I write blog posts, of course, and I also write poetry and prose. I got a degree in architecture back when pencils were a thing and thought I’d be an artist, but now the alphabet is my medium.
Coco Q is my stage and occasional pen name. (Once in a while I emcee, and I dabble in spoken word poetry.) I also show up in a few places as Citizen Coco (@CitizenCoco).
The name “Shiny Butter” comes from one time when I was at a party and a friend had on this delicious, liquidy, silky golden shirt that I said looked like shiny butter.
I liked the sound of that so much I started a blog.
So shinybutter.com was born and wandered the blogosphere for several years in a fun and wacky, slightly aimless but enjoyable way.

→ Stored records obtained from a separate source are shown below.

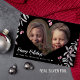 Simple trendy minimal elegant Happy Holidays silver real foil handwritten script custom photo black winter holidays Christmas holiday card with delicate pink grey holly berry branches. Easy to personalise with your photo (heart shape), text, and signature.
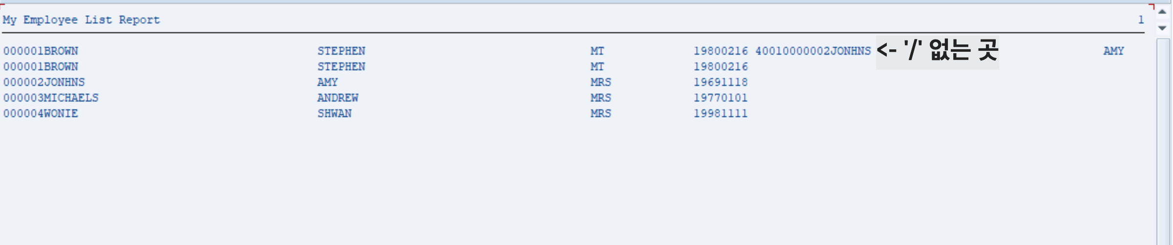 위 두 코드에 '/' 를 둬보자. LINE-SIZE는 532면, 아까봤던 정보들은 '/'가 없으면 쭉 이어져서 나타난다
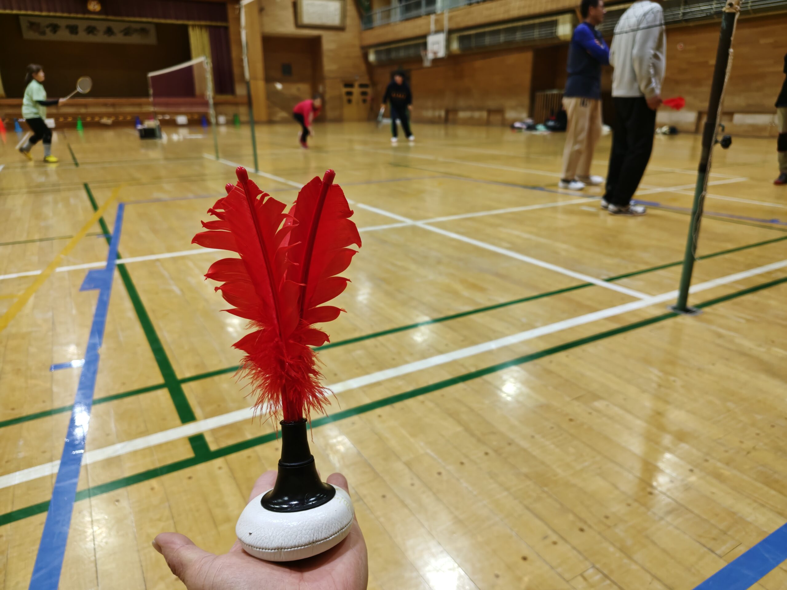 2025-11-11 やっぱりインディアカ 寒くなってきましたが、体育館の中は熱いです インディアカの羽付きボールを4人対4人でバレーのように3回で返すルールです。 ネットの高さは2m、バドミントンコートと同じ広さです。 けっこうラリーが続いたり、スパイク、ブロックなど決まったら面白いですよ 皆さまも一緒にいかがですか
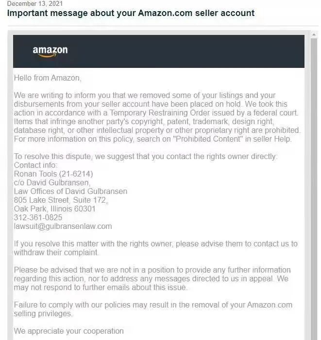 跨境屋粉丝爆料,圣诞前夕,再有大批卖家亚马逊平台资金冻结的通知,背后疑似是流氓律所意图坑害卖家。希望所有销售同类产品的卖家联合起来,组团反诉流氓律所!
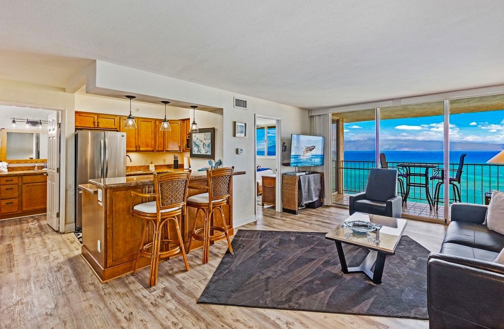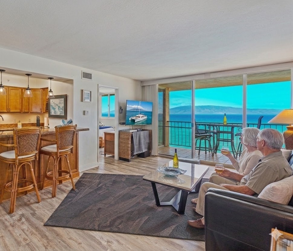 Welcome to the Royal Kahana! Views from your private lanai are first class. View includes ocean, sunset, neighboring islands, mountains, and even humpback whale breaches. Relax at our upgraded studio which has all the amenities you need for an amazing stay. Recent upgrades include updated lighting, artwork, furniture, all new bedding and pillows, new and additional seating on the lanai, and OLED tv. USB ports by bed and kitchen. Great for couples, with sofa bed we can accommodate 3.
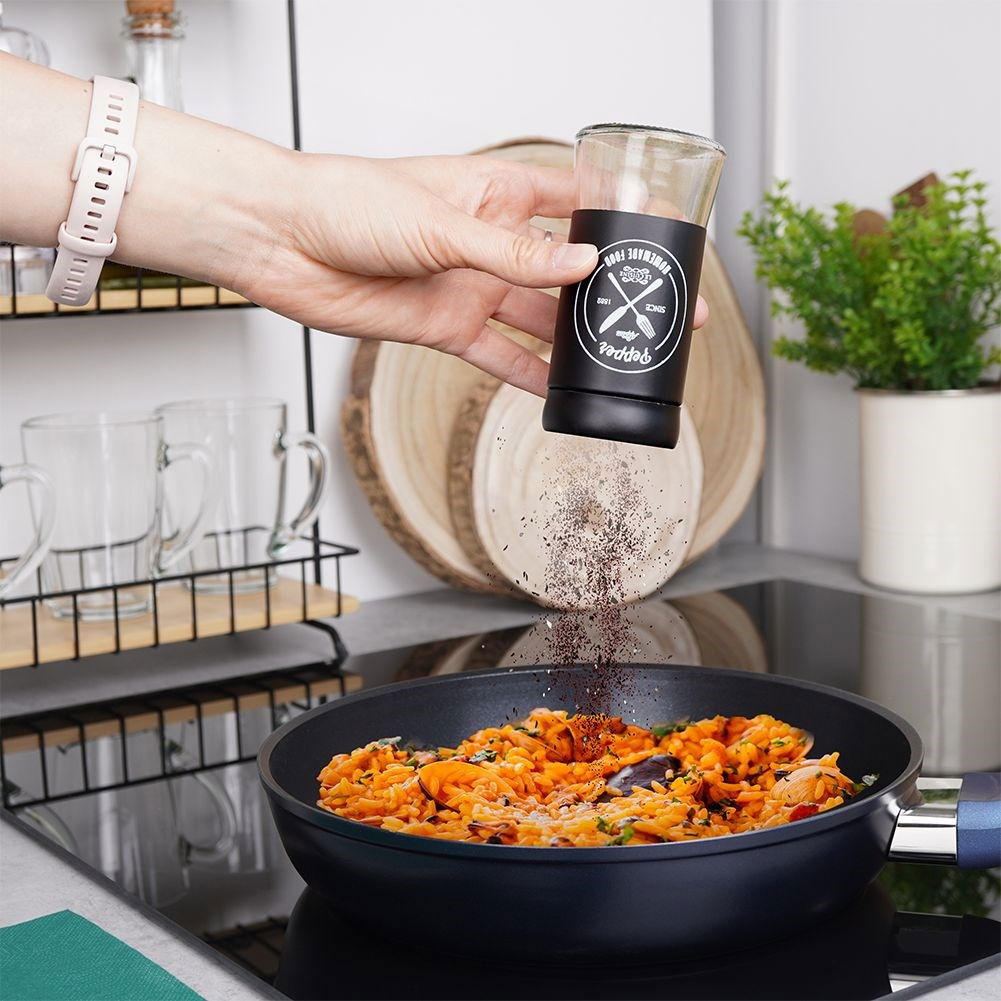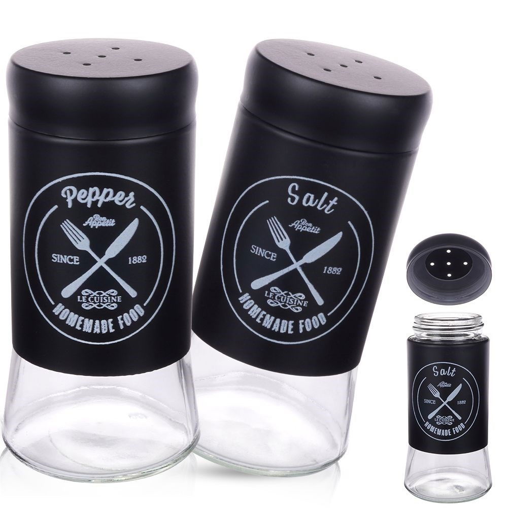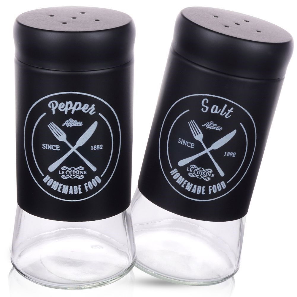 PRAKTYCZNE - Zestaw przyprawników składający się z solniczki oraz pieprzniczki. Wymiary każdego pojemnika wynoszą: 5,5 x 5,5 x 11 cm. SOLIDNE - Wykonane z wysokiej jakości szkła oraz metalu w modnym, czarnym kolorze. Białe nadruki precyzyjnie określają przeznaczenie, ułatwiając odróżnienie soli od pieprzu. ŁATWE DOZOWANIE - Przyprawniki wyposażone są w praktyczne zakrętki z dziurkami. Otwory pozwolą dawkować odpowiednią ilość przypraw bez ryzyka dodania zbyt dużej ilości. PRZYDATNE - Sprawdzą się do przechowywania, podawania oraz dozowania przypraw. Dzięki nim podstawowe ulubione przyprawy będą zawsze pod ręką. Przezroczyste szkło w dolnej części i napisy pozwolą bez problemu rozpoznać umieszczone w środku przyprawy. Zestaw przydatny zarówno w użytku domowym, jak i w gastronomii. EFEKTOWNE - Solniczka i pieprzniczka prezentują się bardzo efektownie. Będzie stanowić piękną dekorację stołu oraz kuchni. Zestaw dwóch pojemników składający się z solniczki i pieprzniczki. Wykonane z wytrzymałych materiałów. Wygodne dozowanie zapewnią otwory, które pozwolą uniknąć dodania zbyt dużej ilości przypraw. Łatwe w czyszczeniu i użytkowaniu. Dozowanie przypraw z pojemnika jest dużo wygodniejsze niż bezpośrednio z torebki. Przyprawniki mają elegancki wygląd i będą pięknie prezentować się na stole, idealnie komponując się z każdą zastawą. Wyprodukowano zgodnie z europejskimi standardami.
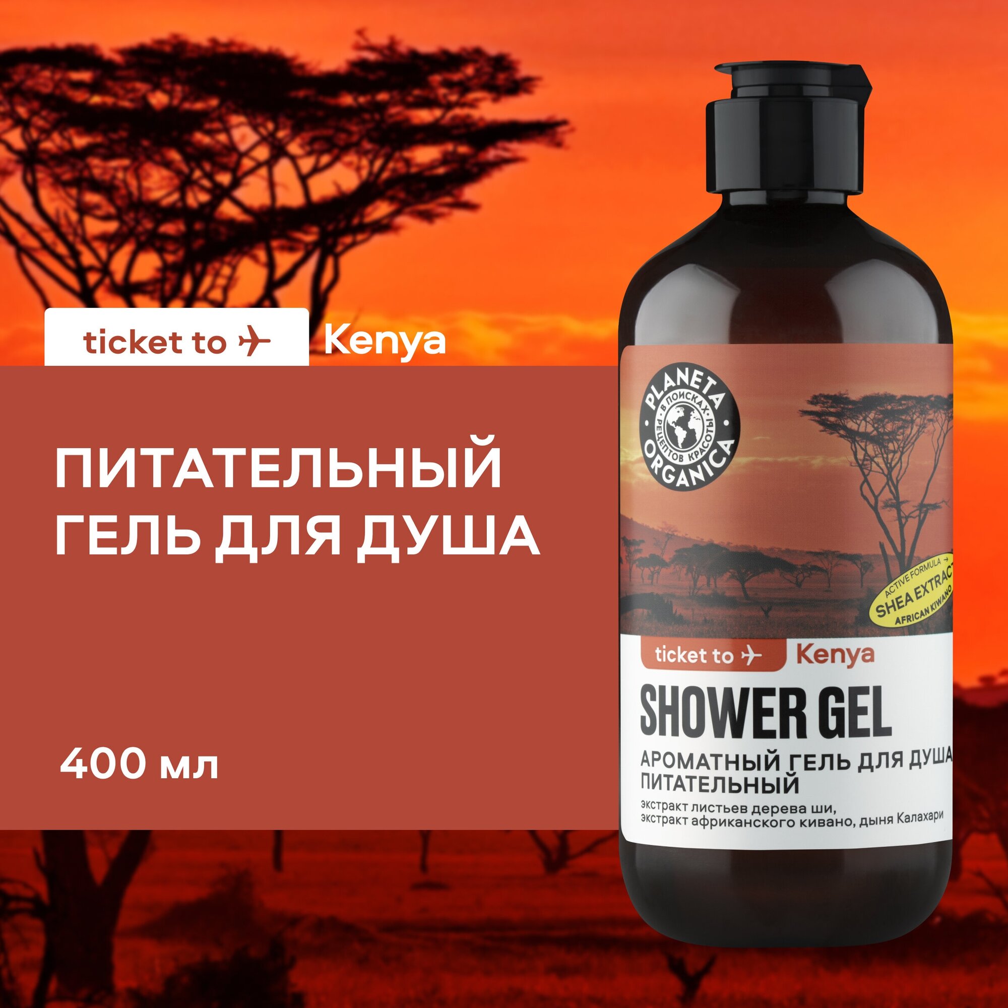 Ароматный гель для душа "Питательный" Planeta Organica Ticket to Kenya, 400 мл информация:
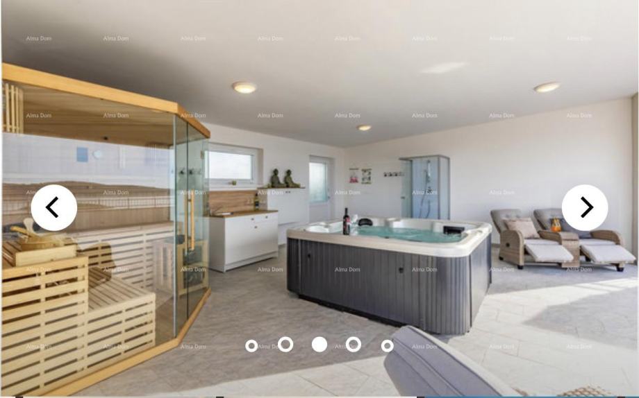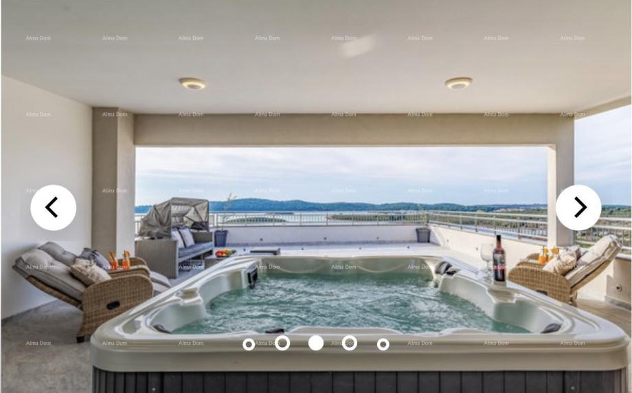 Na drugom katu se nalazi terasa preko cijelog kata, u natkrivenom dijelu su jaccuzzi, sauna te ljetna kuhinja.
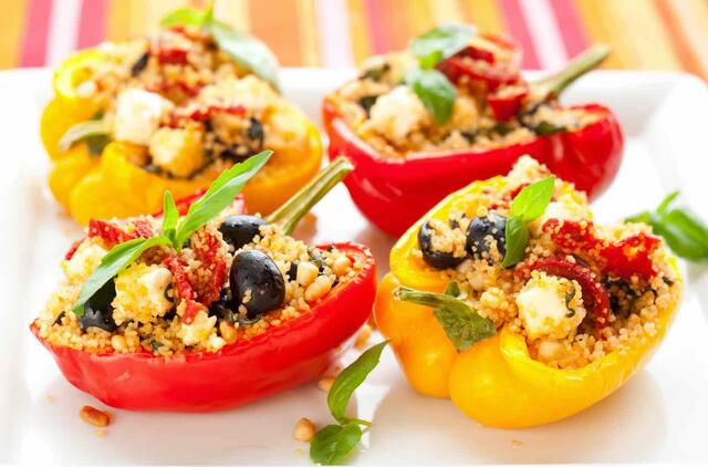 Romantiškai vakarienei pasigaminkite Viduržemio virtuvės įkvėptą patiekalą – kuskusu, feta ir džiovintais pomidorais įdarytas paprikas.
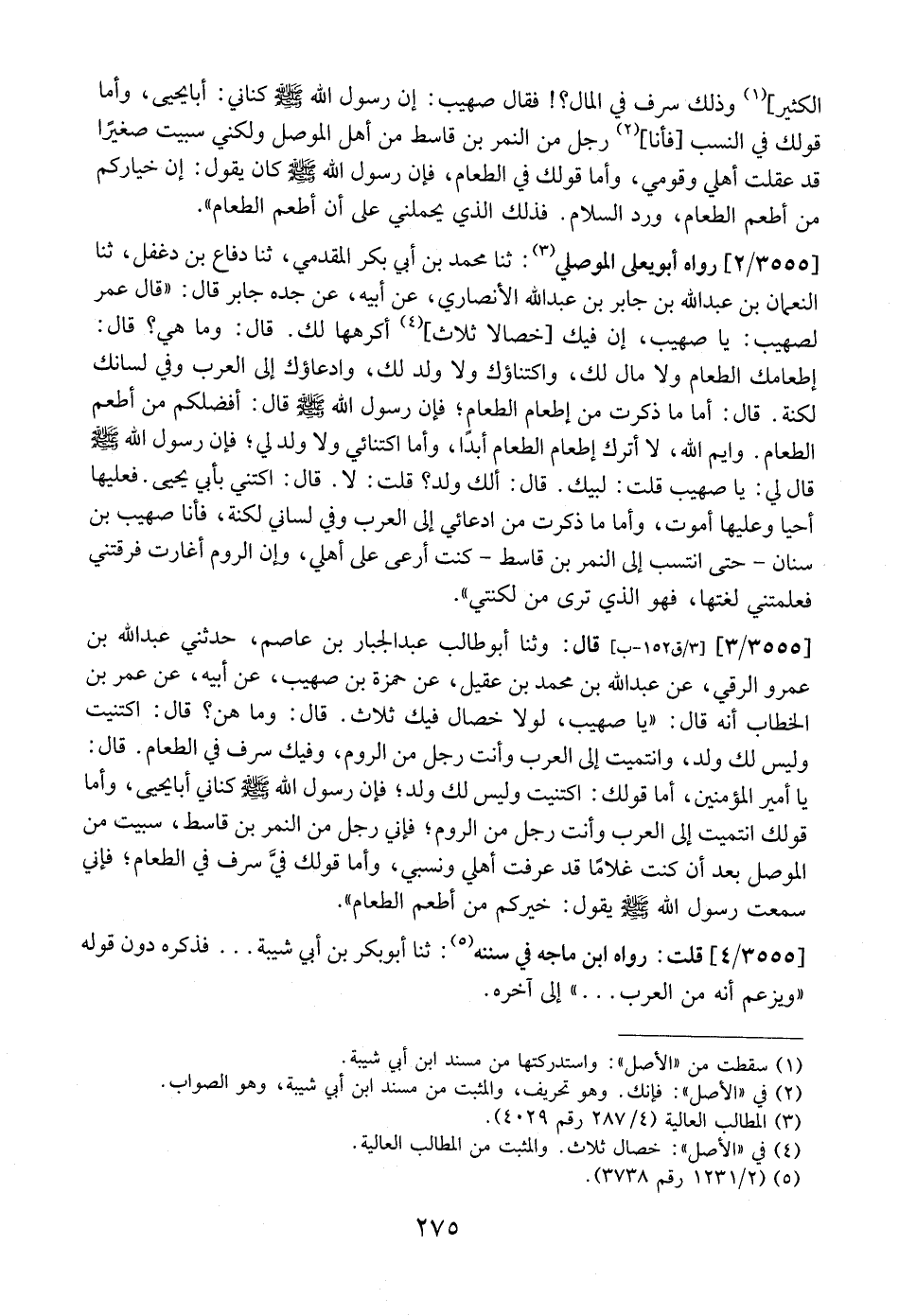 3555 / 2 - - رَوَاهُ أَبُو يَعْلَى الْمَوْصِلِيُّ: ثَنَا مُحَمَّدُ بْنُ أَبِي بَكْرٍ الْمُقَدِّمِيُّ، ثنا دِفَاعُ بْنُ دَغْفَلٍ، ثنا النُّعْمَانُ بْنُ عَبْدِ اللَّهِ بْنِ جَابِرِ بْنِ عَبْدِ اللَّهِ الْأَنْصَارِيِّ، عَنْ أَبِيهِ، عَنْ جَدِّهِ جَابِرٍ قَالَ: "قَالَ عُمَرُ لِصُهَيْبٍ: يا صهيب، إن فيك خصالا ثلاث، أكرهها لك. قال: وما هي؟ قال: إطعامك الطعام وَلَا مَالَ لَكَ، وَاكْتِنَاؤُكَ وَلَا وَلَدَ لَكَ، وادعاؤك إلى العرب وفي لسانك لكنة. قَالَ: أَمَّا مَا ذَكَرْتَ مِنْ إِطْعَامِ الطعامِ؟ فَإِنَّ رَسُولَ اللَّهِ - صَلَّى اللَّهُ عَلَيْهِ وَسَلَّمَ - قَالَ: أَفْضَلُكُمْ مَنْ أَطْعَمَ الطَّعَامَ. وَأَيْمُ اللَّهِ، لا أترك إطعام الطعام أبدَا، وأما اكْتِنَائِي وَلَا وَلَدَ لِي " فَإِنَّ رَسُولَ اللَّهِ - صَلَّى اللَّهُ عَلَيْهِ وَسَلَّمَ - قَالَ لِي: يَا صُهَيْبُ قُلْتُ: لَبَّيْكَ. قَالَ: أَلَكَ وَلَدٌ؟ قُلْتُ: لَا. قَالَ: اكْتَنِي بِأَبِي يَحْيَى. فَعَلَيْهَا أَحْيَا وَعَلَيْهَا أَمْوُتُ، وَأَمَّا مَا ذَكَرْتَ مِنَ ادِّعَائِي إِلَى الْعَرَبِ وَفِي لِسَانِي لُكْنَةٌ، فَأَنَا صُهَيْبُ بْنُ سِنَانٍ- حَتَّى أَنْتَسِبَ إِلَى النَّمِرِ بْنِ قَاسِطٍ- كُنْتُ أَرْعَى عَلَى أَهْلِي، وَإِنَّ الرُّومَ أغارت فرقتني فعلمتني لُغَتُهَا، فَهُوَ الَّذِي تَرَى مِنْ لُكْنَتِي ".

Then one day not too long ago my blog got hacked and it was terrible and now there are all these great posts sitting in some sort of internet halfway house waiting to be de-hacked so they can come back home. At first I was lost and deflated staring at my empty blog, but then I put on my optimistic thinking cap and decided to just make a fresh start.
The Shiny Butter Blog is where I get to share what matters to me, so here’s some of what to expect around here:
- Strongly worded opinions on the general state of things. Like this post.
- Handy guides to help you navigate complicated subjects. Like this one.
- Ridiculousness that’s fun, fantastic, or funny—I think ridiculousness is important, so here you go.
- Sometimes I just need to talk, and I’m glad you’re here to listen and hang out. Here‘s an example of that.
- Beucoups of peace-loving, tree-hugging, freak flag-flying, and back-talk. Here‘s some of that.
- Irreverence and system-bucking. Like this.
- Straight-up Southern common sense and expressions sprinkled hither and yon.
- Run-on sentences.
- Cursing, even though I can assure you I was raised to know better and have the pearls to prove it.
So you’re in the right place if you tend to lean left but aren’t so sure about liberals anymore—and think the Democratic party has lost its ever-living mind, if you aren’t thrown off by another Southerner busting the stereotypes, or if you aren’t the judge-y type.
You’re not in the right place if you don’t like run-on sentences. Or cursing.
Also, if you think Miracle Whip is a suitable substitute for mayonnaise, tread lightly around here.
So listen, grab your iced tea, spiked or not, I don’t care, and sit a spell. We’ve got some catching up to do.
Love you, mean it, MWAH,
P.S. Duke’s is the superior mayonnaise, in case you didn’t already know that.
P.P.S. My given name is Suzanna. I was named after my great-grandmother. Do not call me Suzanne.